On the other hand, assuming this latest deal can be closed, and the bank come through with the other money, SOU can see its way to Phase 2 production which has to be good. TE4 volumes, if realised, would add about 75% to the ultimately recoverable value for the horst which offsets some of the value given away. More certainty is good. But I don't see any of this increasing the target SP price in the short to medium term. SOU will have to navigate its debt commitments very carefully. Any delays to Phase 1 will leave it needing yet more funds next year.
LOL. Someone had a lot of time on their hands but I like it.
His comments in earlier blogs merely said that BEY was rubbish at organising a farmout and that the loan note would result in a "death spiral" whereby Goodman acquired control of the company. He never suggested Ryan would refuse the lease undertaking, so any claim that he had a crystal ball is revisionist.

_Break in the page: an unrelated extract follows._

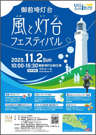 コンソーシアム ヒカリテラス御前崎は、2025年11月2日に御前埼灯台や海を眺め、風を感じながら1日ゆっくり楽しめるイベントを目的として、「風と灯台フェスティバル2025」を開催いたしました。このイベントは、日本財団「海と日本プロジェクト」の一環として、灯台を中心に地域の海の記憶を掘り起こし、地域と地域、異分野と異業種、⽇本と世界をつなぎ、新たな海洋体験を創造していく「海と灯台プロジェクト」の助成を受けて実施したものです。

Biz Post: Directors of Barryroe Offshore Energy consider winding up firm as it faces insolvency
https://www.businesspost.ie/news/directors-of-barryroe-offshore-energy-consider-winding-up-firm-as-it-faces-insolvency/
As someone who will lose a packet, I thank god this old dog is about to put out of its misery. Successive management have been worse than useless -- their only talent was to play PIs like a fiddle -- and the latest bunch have been the worst of the lot. I don't recall the current CEO putting out one scintilla of information other than what was mandated. I always thought the latest placing was a bad joke, allegedly an "opportunity for shareholders to continue to fully participate in the Barryroe project" which was a sort of strange euphemism for "you will be immediately diluted by 90%". Now it turns out that the placing and EGM were timed for exactly a month before BEY would be completely flat broke. The supreme irony is that the plan was stymied by the equally useless Eamon Ryan. All that remains is for Goodman to buy the whole thing for £1 for some tax avoidance scheme, and the whole pathetic saga will be finally over.
Ryan's ass is well covered by his decision to engage external consultants. I quote:
"I, the, the, we did an assessment including a lot of independent outside experts to give a very independent and a rigorous view. We did not rush this, it wasn't done on a political basis it was done on a purely rational assessment by the department of whether the project was, was able to meet its conditions as set out in the license agreement, a view clearly and strong advice to me that was, was it wasn't and, and, that's part, that wazzizza said, eh, eh, the decision that ..."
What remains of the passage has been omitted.